A restaurant owner, 34, said: "This is the court we have been waiting for. Those criminals were behind the killing of tens of thousands of Iraqi people in the south and they made the Iraqis suffer for a long time so they have to get a punishment they deserve."
But there is equally strong criticism to be heard.
Many Iraqis are expected to closely follow the trial
A 43-year-old shop owner called the court "a play".
He said it was being directed by the Americans and also the Iranians because Iraq won the war against Iran in the 1980s and a now a new pro-Iranian government in Baghdad was looking for revenge on behalf of Tehran.
He also alleged that the people who were discovered in mass graves were Iranian Revolutionary Guard elements who had come into Iraq to destroy its infrastructure and been killed by the Iraqi army.
A 30-year-old butcher said he regarded the court as "illegitimate because it was established under the occupation".
A student, aged 20, felt it was not the right time for trials of this kind to be taking place because "things are very bad in the country and the people are suffering a lot".
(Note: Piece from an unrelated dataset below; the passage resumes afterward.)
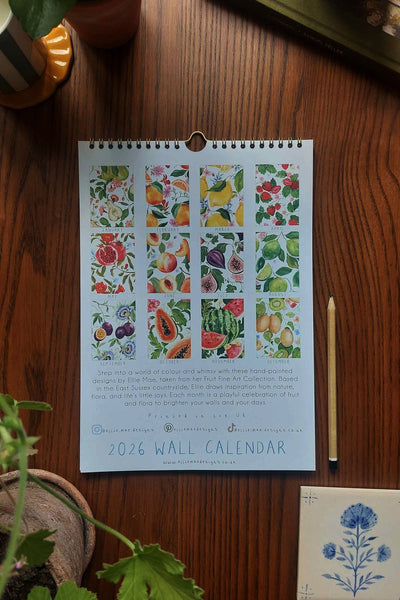 Step into a world of colour and whimsy with these hand-painted designs by Ellie Mae, taken from her Fruit Fine Art Collection. Each month is a playful celebration of fruit and flora to brighten your walls and days.

Yet this argument - heard quite commonly during the previous two trials as well - was not persuasive enough for one 30-year-teacher we spoke to.
"I admit that the current conditions are very hard where the security and economic situation is very bad," he said. "But it is Saddam loyalists and their ally al-Qaeda who are behind it."
On day one, the defence team challenged the legitimacy of the trial, as they did in the earlier trials. The judge said he would consider their grievance but proceedings continued.
Some 90 witnesses are expected to testify. They will give their account of the events 16 years ago.
But in Iraq the events of history often have a significant bearing on the attitudes of its different and often fractious communities today.
Once again, the words spoken in one of the most closely guarded courtrooms in the world are being argued over on the streets of Iraq's towns and cities.